$X$ topological space and $S\subseteq X$ and $\overline{S}=X$. Show that if $S$ is connected, then $X$ is also.
First of all, what is the intuition behind this? For example, what is a subset $S$ such that $\overline{S} = X$?. I can't even think of such thing... Is it a space that is almost $X$? And then when we take the closure and it's $X$. Well, what argument should be used to argue that $X$ will also be connected?
On
Assume that there is a continuous surjection $\varphi:X\rightarrow\{0,1\}$ and we let without loss of generality that some $s\in S$ be such that $\varphi(s)=0$. As $S$ is connected, we have $\varphi[S]=\{0\}$. Then for any $x\in X-S$, we could find some net $\{x_{\delta}\}\subseteq S$ such that $\varphi(x)=\lim_{\delta}\varphi(x_{\delta})=\lim_{\delta}0=0$, it violates the condition that some $x\in X$ is such that $\varphi(x)=1$.
Suppose $X$ isn't connected.

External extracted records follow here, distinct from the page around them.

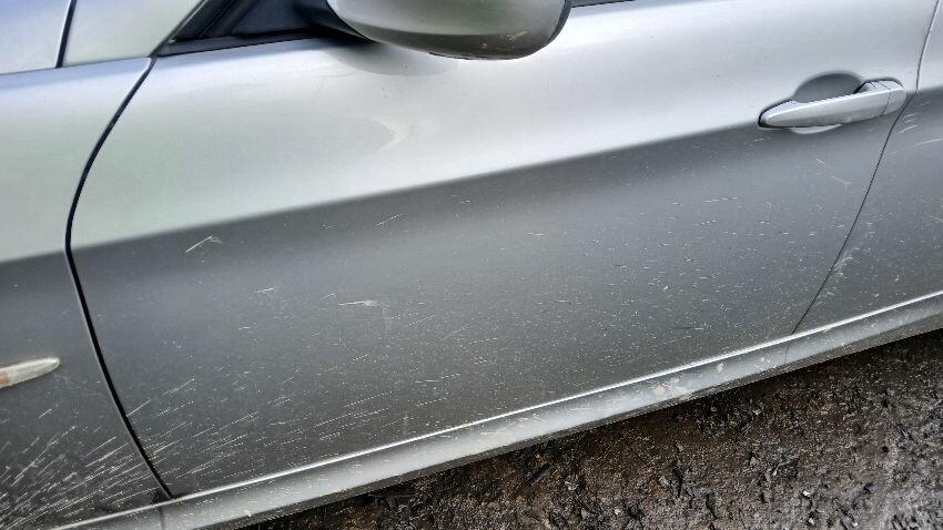 Front bumper, bonnet, n/s wing mirror, n/s rear door, n/s rear quarter, rear bumper, o/s rear quarter, o/s rear door, o/s front door, o/s front wing, scuffs and scratches all over, general wear and tear for age and mileage, engine knocking,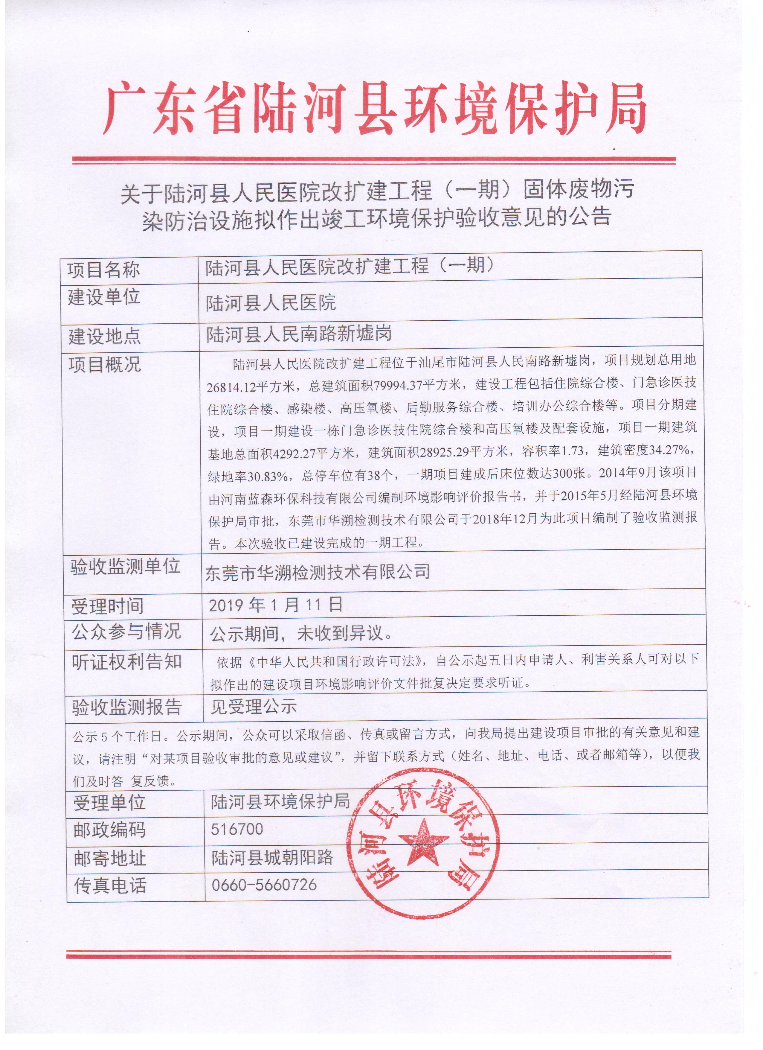 关于陆河县人民医院改扩建工程(一期)固体废物污染防治设施拟作出竣工环境保护验收意见的公告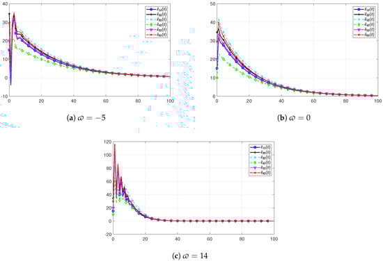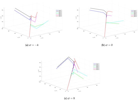 It is well known that the potential noise may be amplified by the derivative component on PID controllers. To survey the sensibility of the designed PID protocol on the derivative component, a gain disturbance has been added, which is denoted by . Thus, the gain matrix of the derivative component can be given as . For clarity, we define that all entries of are ϖ. Figure 14 illustrates the state trajectory of all the agents with different disturbances of component D. It can be seen that after the disturbance is added, the system fluctuates and takes more time to reach an agreement. Figure 15 shows the simulation of the estimation error of the second component of each agent state. It reveals that when the disturbance exceeds a certain bound, negative estimation error occurs. It means that the positivity of the closed-loop system (11) cannot be guaranteed.
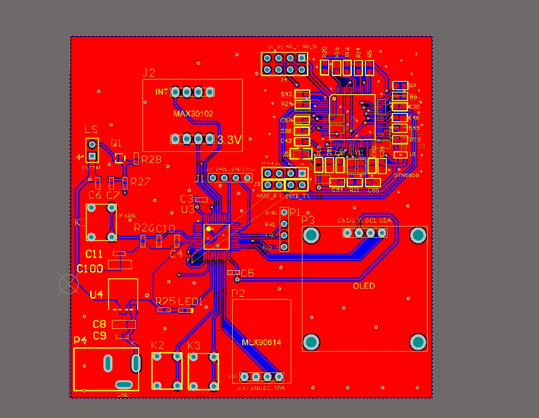 基于stm32人体健康监测系统,包含pcb (心率,血氧,体温,语音播报,报警) 本设计采用STM32F103C8T6作为主控 使用MAX30102采集心率和血氧值 使用MLX90614测量体温 OLED显示当前信息 语音播报使用SYN6658芯片,外围自己搭建,播放当前温度、心率、血氧 两个按键一个蜂鸣器警报,当体温、心率、血氧异常发出警报 资料包括源码,原理图,pcb,bom清单,都是原始文件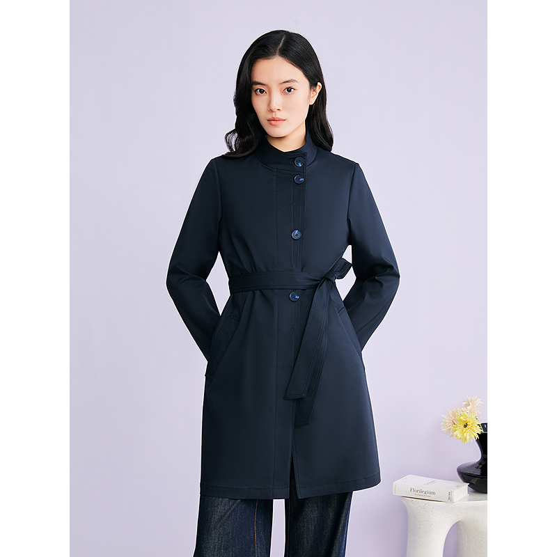 YINER音儿专选2026春季新款时尚通勤翻立两用领系带收腰风衣外套8C66107036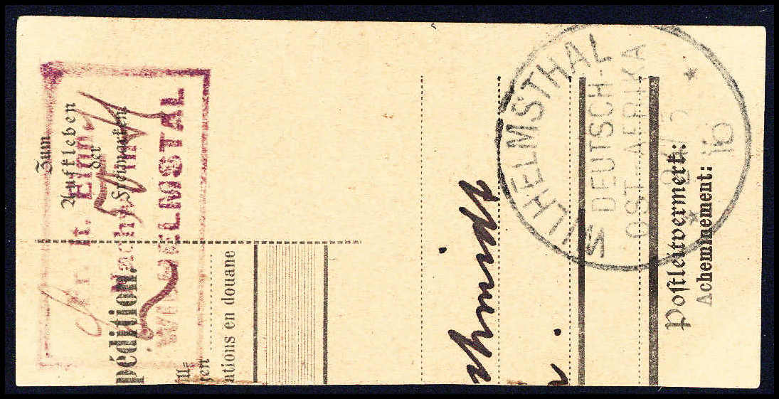 Inlands-Postanweisung: KOROGWE 3/6 (ohne Jahreszahl "16"), zweimal auf vollständigem, rotem Postanweisungs-Formular (während des Krieges in der Kolonie hergestellt) über 100 Rupien an die "Deutsche Schlächterei" in Wilhelmstal. Re. oben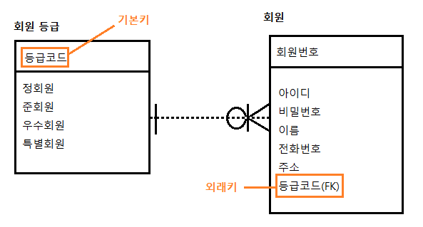 비식별관계 : 개체 A, B 사이의 관계에서 A 개체의 기본키가 B 개체의 비기본키 영역에서 외래키가 되는 관계

Then there are closed sets $V, W\subsetneq X$ with $V\cup W=X, V\cap W=\emptyset$. Then we have relatively closed sets $V\cap S\subseteq S, W\cap S\subseteq S$ with $(W\cap S)\cap (V\cap S)=\emptyset$ and we also have $W\cap S\subsetneq S$ and $V\cap S\subsetneq S$, then if e.g $W\cap S= S$ was correct, we had $\bar{S}\subseteq W\subsetneq X$.
So all in all we see $S$ isn't connected, a contradiction.